• **Try it**:
A verbatim printing of the entries that follow is needed; pictures must not appear in it.

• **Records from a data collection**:
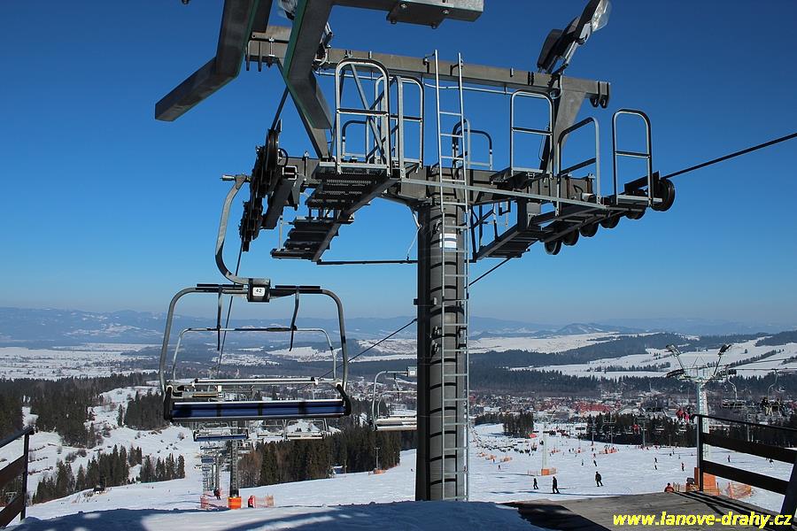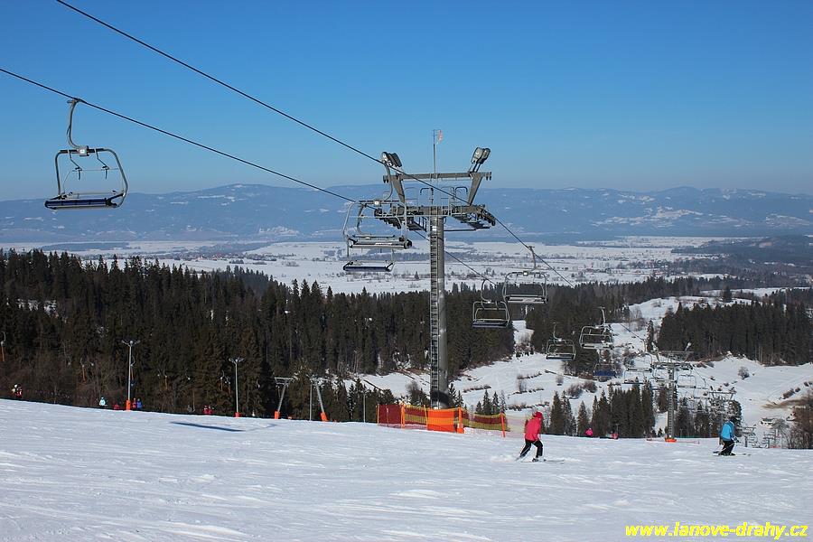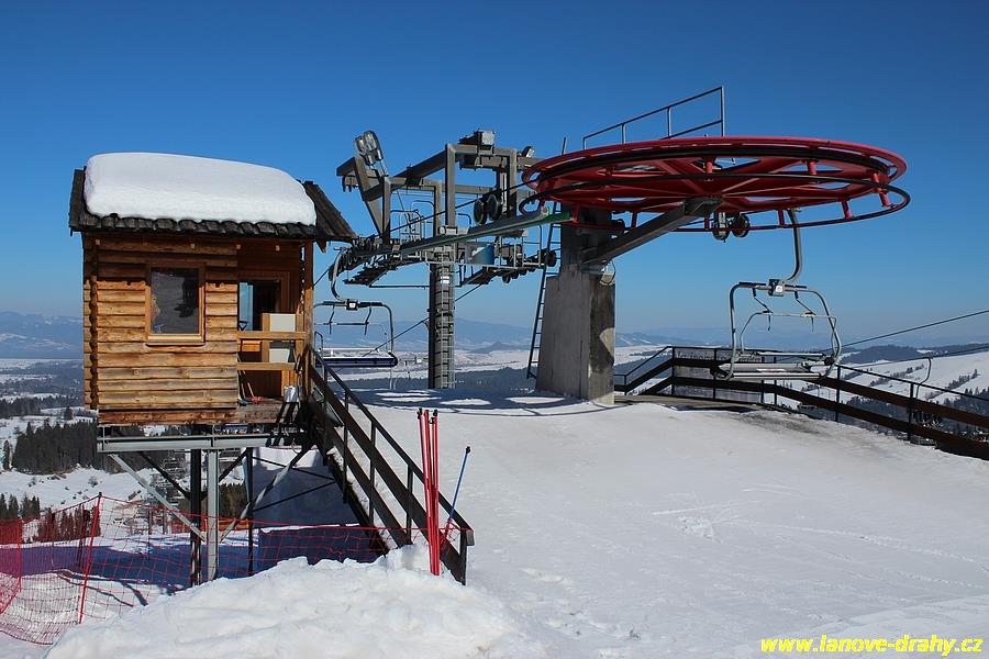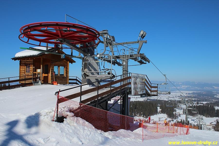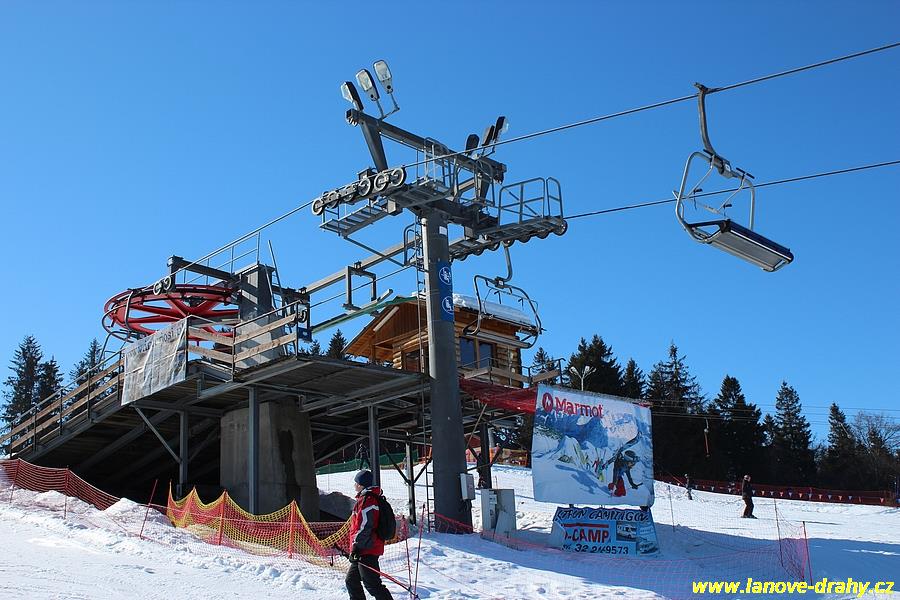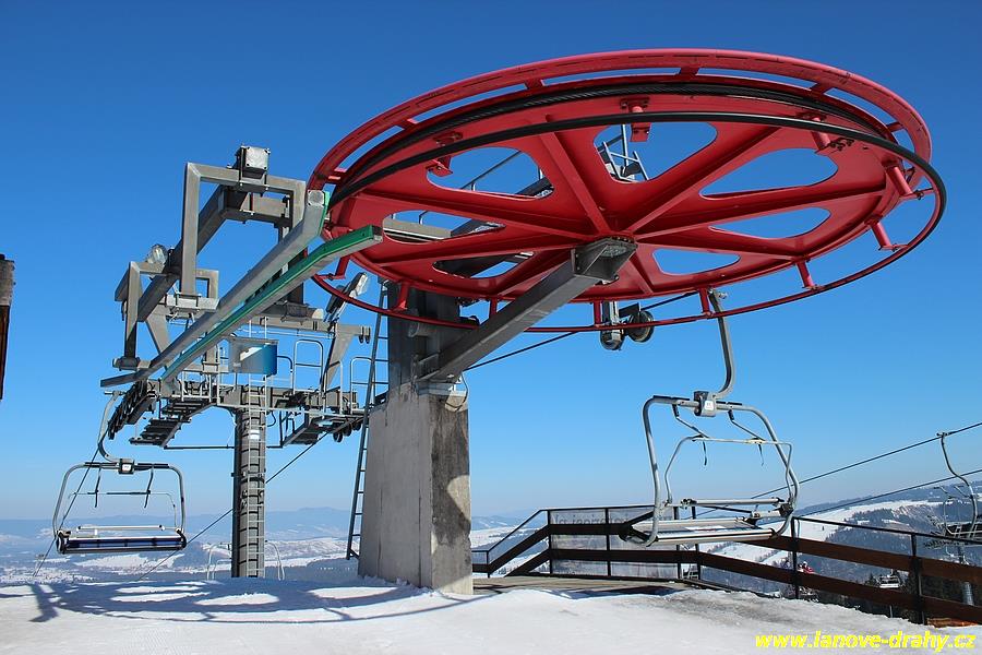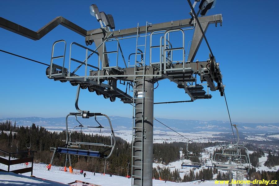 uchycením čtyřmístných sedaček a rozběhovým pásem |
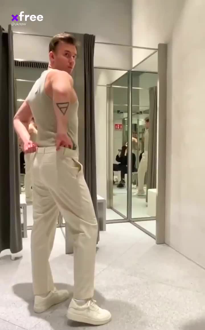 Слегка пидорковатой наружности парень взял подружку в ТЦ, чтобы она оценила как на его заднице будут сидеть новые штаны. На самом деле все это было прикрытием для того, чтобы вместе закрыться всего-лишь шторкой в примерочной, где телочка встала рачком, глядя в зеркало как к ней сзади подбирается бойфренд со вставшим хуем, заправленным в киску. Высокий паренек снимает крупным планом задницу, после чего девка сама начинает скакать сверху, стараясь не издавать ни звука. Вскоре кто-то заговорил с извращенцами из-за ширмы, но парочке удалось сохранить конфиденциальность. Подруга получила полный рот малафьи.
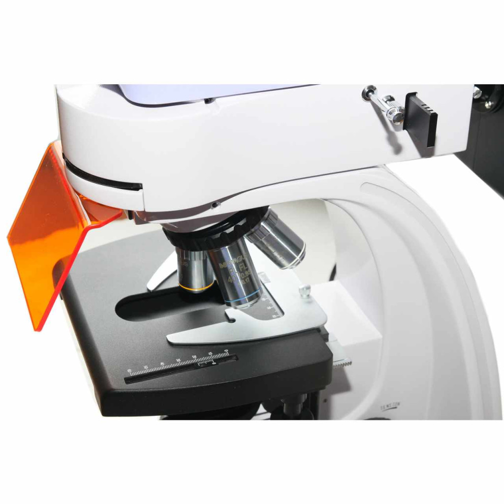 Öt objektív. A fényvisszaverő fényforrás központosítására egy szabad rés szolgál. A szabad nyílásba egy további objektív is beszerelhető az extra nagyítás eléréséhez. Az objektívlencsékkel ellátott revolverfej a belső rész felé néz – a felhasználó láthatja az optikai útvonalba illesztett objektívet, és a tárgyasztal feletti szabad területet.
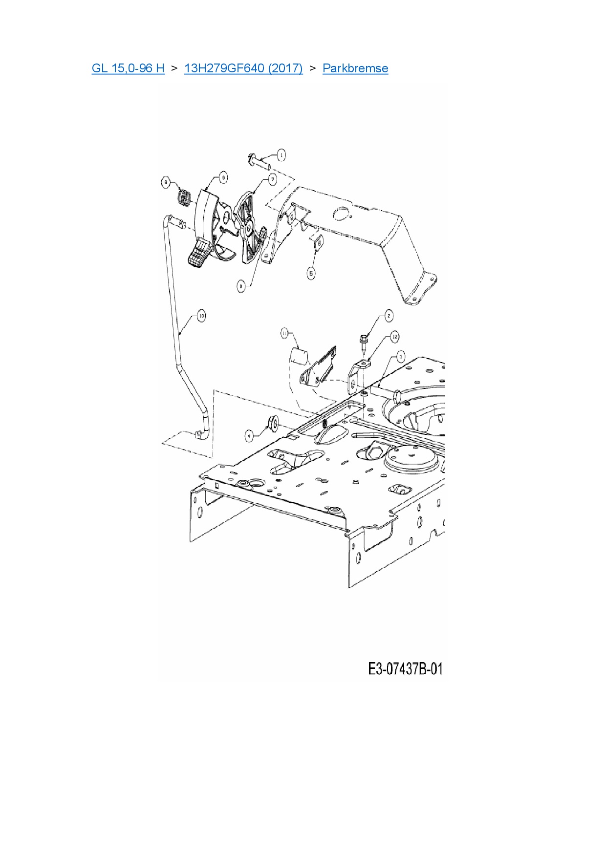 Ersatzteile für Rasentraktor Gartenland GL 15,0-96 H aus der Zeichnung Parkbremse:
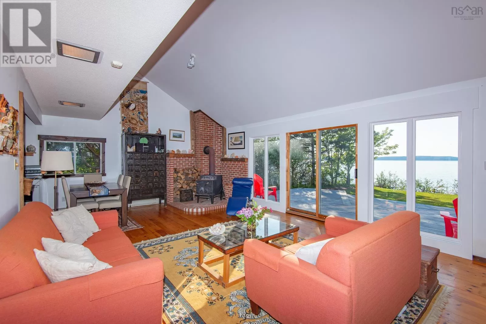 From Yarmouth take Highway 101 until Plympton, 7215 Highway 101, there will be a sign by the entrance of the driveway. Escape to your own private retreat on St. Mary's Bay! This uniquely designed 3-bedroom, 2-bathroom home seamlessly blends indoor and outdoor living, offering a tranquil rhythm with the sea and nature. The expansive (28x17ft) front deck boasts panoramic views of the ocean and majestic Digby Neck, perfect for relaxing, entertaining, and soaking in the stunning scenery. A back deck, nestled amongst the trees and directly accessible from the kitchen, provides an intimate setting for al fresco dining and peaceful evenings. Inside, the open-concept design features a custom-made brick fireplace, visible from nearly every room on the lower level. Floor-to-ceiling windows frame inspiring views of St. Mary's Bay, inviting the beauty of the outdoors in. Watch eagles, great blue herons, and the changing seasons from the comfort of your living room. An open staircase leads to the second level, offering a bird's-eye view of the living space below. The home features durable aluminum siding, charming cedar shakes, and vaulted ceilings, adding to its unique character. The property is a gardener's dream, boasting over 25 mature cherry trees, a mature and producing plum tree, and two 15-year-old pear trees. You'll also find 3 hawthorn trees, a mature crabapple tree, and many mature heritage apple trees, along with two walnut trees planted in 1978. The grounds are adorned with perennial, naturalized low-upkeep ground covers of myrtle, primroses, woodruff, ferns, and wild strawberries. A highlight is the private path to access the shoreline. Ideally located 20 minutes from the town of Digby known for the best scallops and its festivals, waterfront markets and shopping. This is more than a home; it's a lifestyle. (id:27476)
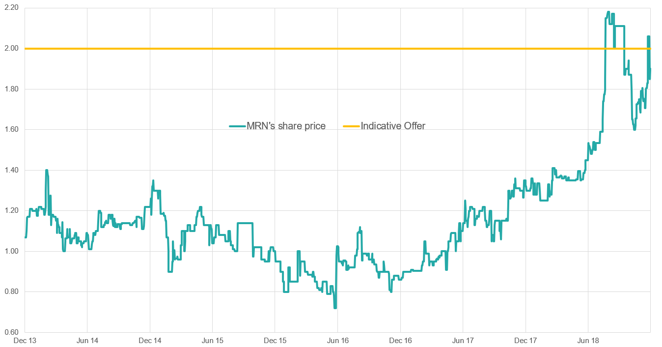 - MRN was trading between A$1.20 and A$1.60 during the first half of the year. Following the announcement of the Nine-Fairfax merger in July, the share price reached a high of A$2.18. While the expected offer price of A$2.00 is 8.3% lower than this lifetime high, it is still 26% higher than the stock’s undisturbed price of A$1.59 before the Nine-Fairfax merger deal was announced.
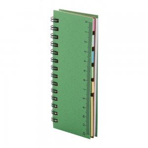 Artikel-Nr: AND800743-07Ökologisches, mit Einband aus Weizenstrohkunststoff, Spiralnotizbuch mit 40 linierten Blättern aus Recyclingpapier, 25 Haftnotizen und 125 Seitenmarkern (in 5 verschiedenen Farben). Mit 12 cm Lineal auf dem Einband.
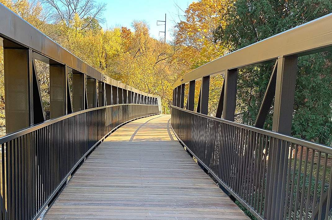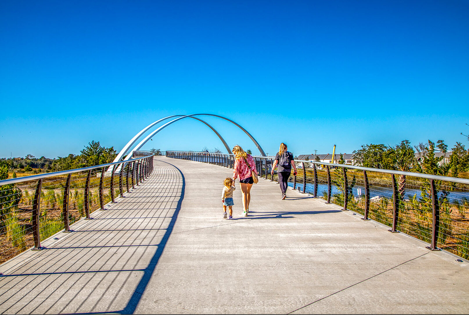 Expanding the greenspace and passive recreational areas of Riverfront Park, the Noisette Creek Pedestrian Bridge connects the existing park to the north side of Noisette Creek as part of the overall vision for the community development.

• **Answer area**:
 uchycením čtyřmístných sedaček a rozběhovým pásem |
 Слегка пидорковатой наружности парень взял подружку в ТЦ, чтобы она оценила как на его заднице будут сидеть новые штаны. На самом деле все это было прикрытием для того, чтобы вместе закрыться всего-лишь шторкой в примерочной, где телочка встала рачком, глядя в зеркало как к ней сзади подбирается бойфренд со вставшим хуем, заправленным в киску. Высокий паренек снимает крупным планом задницу, после чего девка сама начинает скакать сверху, стараясь не издавать ни звука. Вскоре кто-то заговорил с извращенцами из-за ширмы, но парочке удалось сохранить конфиденциальность. Подруга получила полный рот малафьи.
 Öt objektív. A fényvisszaverő fényforrás központosítására egy szabad rés szolgál. A szabad nyílásba egy további objektív is beszerelhető az extra nagyítás eléréséhez. Az objektívlencsékkel ellátott revolverfej a belső rész felé néz – a felhasználó láthatja az optikai útvonalba illesztett objektívet, és a tárgyasztal feletti szabad területet.
 Ersatzteile für Rasentraktor Gartenland GL 15,0-96 H aus der Zeichnung Parkbremse:
 From Yarmouth take Highway 101 until Plympton, 7215 Highway 101, there will be a sign by the entrance of the driveway. Escape to your own private retreat on St. Mary's Bay! This uniquely designed 3-bedroom, 2-bathroom home seamlessly blends indoor and outdoor living, offering a tranquil rhythm with the sea and nature. The expansive (28x17ft) front deck boasts panoramic views of the ocean and majestic Digby Neck, perfect for relaxing, entertaining, and soaking in the stunning scenery. A back deck, nestled amongst the trees and directly accessible from the kitchen, provides an intimate setting for al fresco dining and peaceful evenings. Inside, the open-concept design features a custom-made brick fireplace, visible from nearly every room on the lower level. Floor-to-ceiling windows frame inspiring views of St. Mary's Bay, inviting the beauty of the outdoors in. Watch eagles, great blue herons, and the changing seasons from the comfort of your living room. An open staircase leads to the second level, offering a bird's-eye view of the living space below. The home features durable aluminum siding, charming cedar shakes, and vaulted ceilings, adding to its unique character. The property is a gardener's dream, boasting over 25 mature cherry trees, a mature and producing plum tree, and two 15-year-old pear trees. You'll also find 3 hawthorn trees, a mature crabapple tree, and many mature heritage apple trees, along with two walnut trees planted in 1978. The grounds are adorned with perennial, naturalized low-upkeep ground covers of myrtle, primroses, woodruff, ferns, and wild strawberries. A highlight is the private path to access the shoreline. Ideally located 20 minutes from the town of Digby known for the best scallops and its festivals, waterfront markets and shopping. This is more than a home; it's a lifestyle. (id:27476)
 - MRN was trading between A$1.20 and A$1.60 during the first half of the year. Following the announcement of the Nine-Fairfax merger in July, the share price reached a high of A$2.18. While the expected offer price of A$2.00 is 8.3% lower than this lifetime high, it is still 26% higher than the stock’s undisturbed price of A$1.59 before the Nine-Fairfax merger deal was announced.
 Artikel-Nr: AND800743-07Ökologisches, mit Einband aus Weizenstrohkunststoff, Spiralnotizbuch mit 40 linierten Blättern aus Recyclingpapier, 25 Haftnotizen und 125 Seitenmarkern (in 5 verschiedenen Farben). Mit 12 cm Lineal auf dem Einband.
 Expanding the greenspace and passive recreational areas of Riverfront Park, the Noisette Creek Pedestrian Bridge connects the existing park to the north side of Noisette Creek as part of the overall vision for the community development.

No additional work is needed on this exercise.